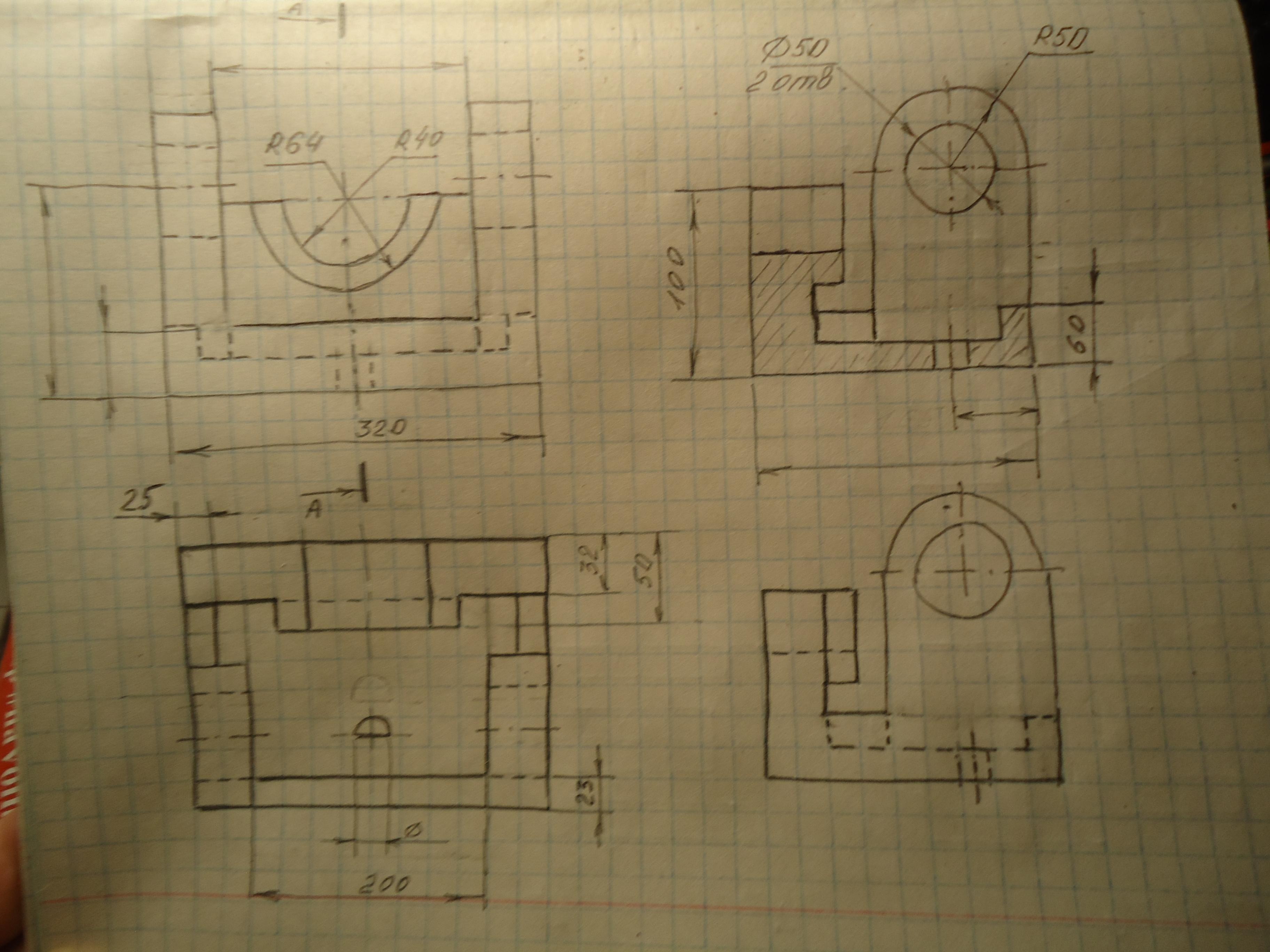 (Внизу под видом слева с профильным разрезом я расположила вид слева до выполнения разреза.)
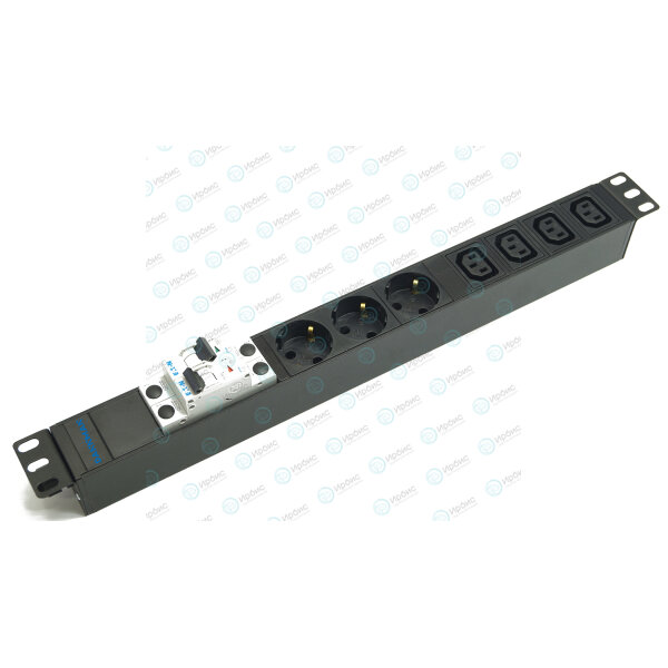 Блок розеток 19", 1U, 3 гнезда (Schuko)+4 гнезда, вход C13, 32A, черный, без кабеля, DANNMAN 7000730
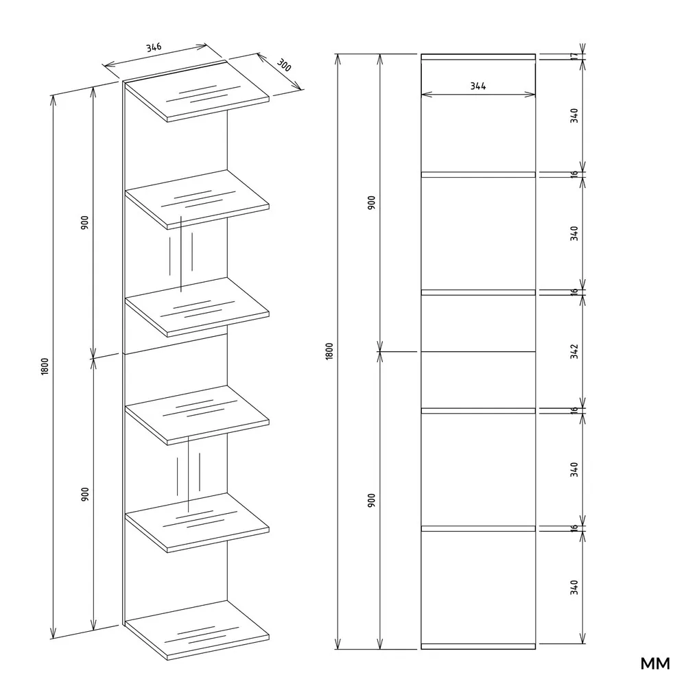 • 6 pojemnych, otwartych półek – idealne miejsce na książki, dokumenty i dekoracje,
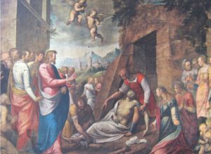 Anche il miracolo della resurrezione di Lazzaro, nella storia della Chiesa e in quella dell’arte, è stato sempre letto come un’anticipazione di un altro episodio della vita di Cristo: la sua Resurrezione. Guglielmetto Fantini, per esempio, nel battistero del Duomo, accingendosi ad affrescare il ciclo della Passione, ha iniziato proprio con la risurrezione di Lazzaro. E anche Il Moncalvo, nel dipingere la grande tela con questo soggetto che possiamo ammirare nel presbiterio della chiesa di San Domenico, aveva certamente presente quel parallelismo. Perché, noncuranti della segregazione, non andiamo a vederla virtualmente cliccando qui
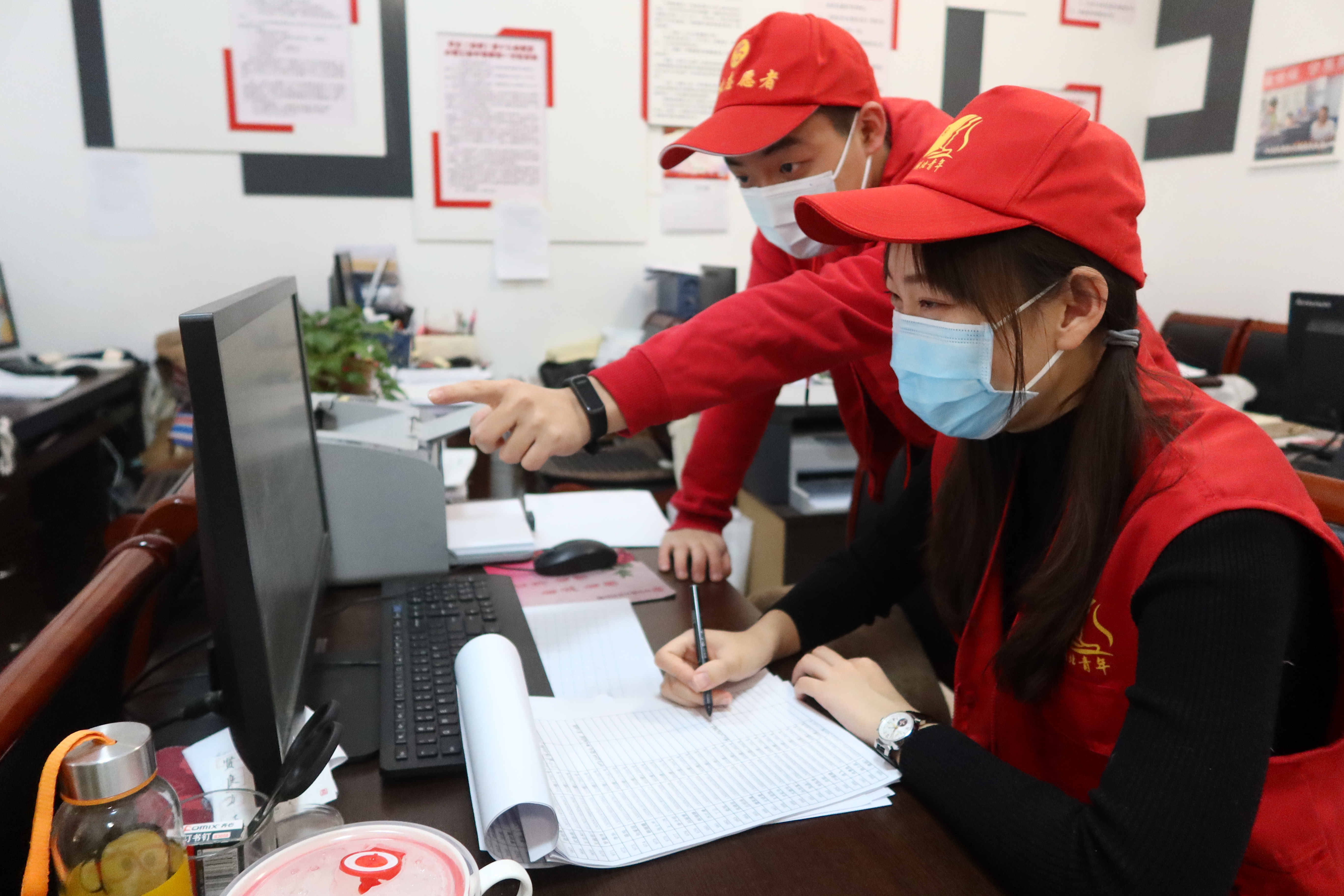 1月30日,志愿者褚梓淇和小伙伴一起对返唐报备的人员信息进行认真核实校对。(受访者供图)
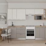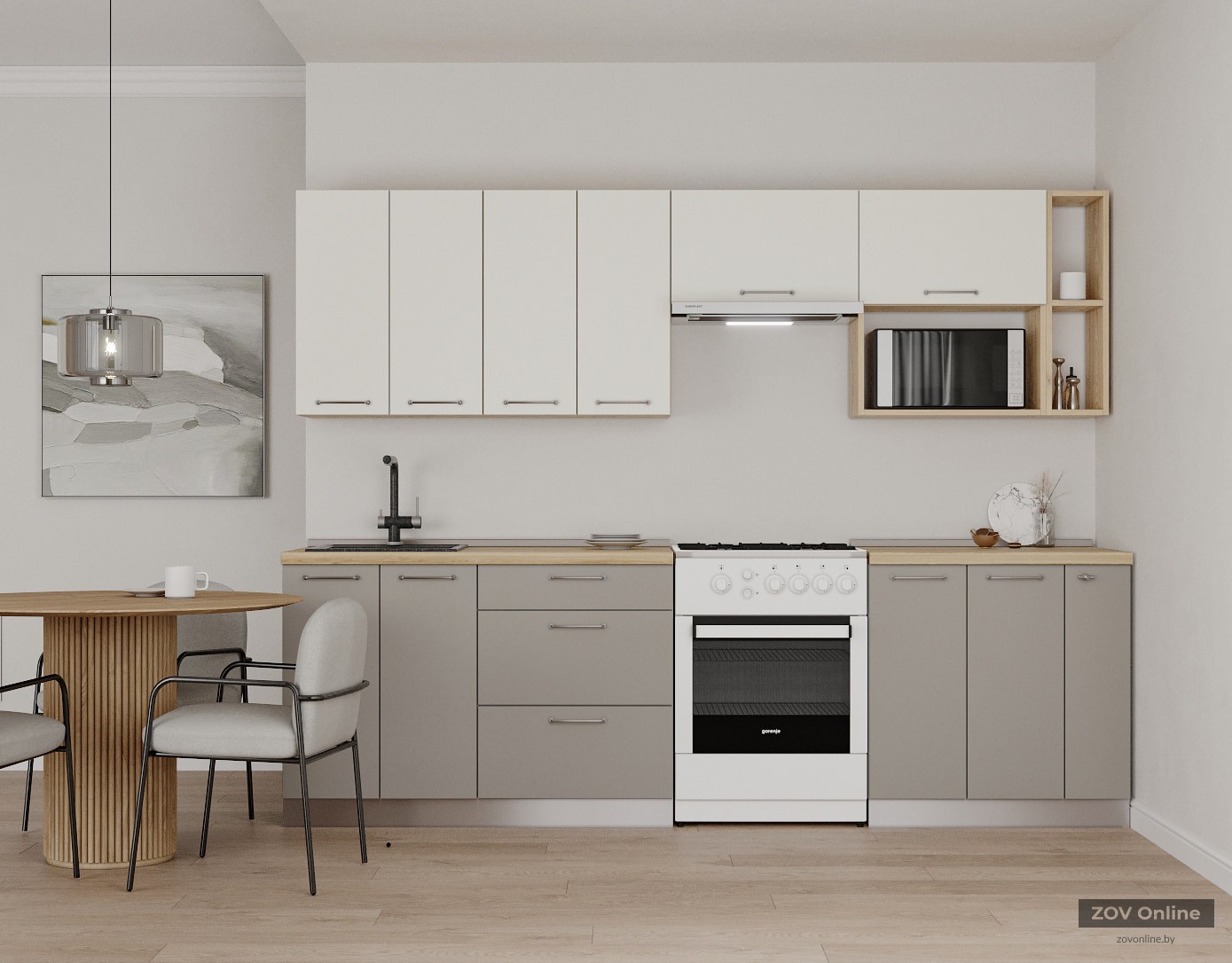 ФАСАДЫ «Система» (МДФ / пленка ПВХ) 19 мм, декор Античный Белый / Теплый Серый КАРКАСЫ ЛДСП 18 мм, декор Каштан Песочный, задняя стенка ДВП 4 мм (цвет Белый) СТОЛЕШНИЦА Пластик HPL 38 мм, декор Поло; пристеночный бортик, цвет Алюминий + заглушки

--------------------

DESCRIPTION OF THE TASK: Please restate exactly the lines from the one containing "Anche il miracolo" down to the end of the material, both ends kept, and do not include the pictures.

SOLUTION TO THIS PROBLEM:
 Anche il miracolo della resurrezione di Lazzaro, nella storia della Chiesa e in quella dell’arte, è stato sempre letto come un’anticipazione di un altro episodio della vita di Cristo: la sua Resurrezione. Guglielmetto Fantini, per esempio, nel battistero del Duomo, accingendosi ad affrescare il ciclo della Passione, ha iniziato proprio con la risurrezione di Lazzaro. E anche Il Moncalvo, nel dipingere la grande tela con questo soggetto che possiamo ammirare nel presbiterio della chiesa di San Domenico, aveva certamente presente quel parallelismo. Perché, noncuranti della segregazione, non andiamo a vederla virtualmente cliccando qui
 1月30日,志愿者褚梓淇和小伙伴一起对返唐报备的人员信息进行认真核实校对。(受访者供图)
 ФАСАДЫ «Система» (МДФ / пленка ПВХ) 19 мм, декор Античный Белый / Теплый Серый КАРКАСЫ ЛДСП 18 мм, декор Каштан Песочный, задняя стенка ДВП 4 мм (цвет Белый) СТОЛЕШНИЦА Пластик HPL 38 мм, декор Поло; пристеночный бортик, цвет Алюминий + заглушки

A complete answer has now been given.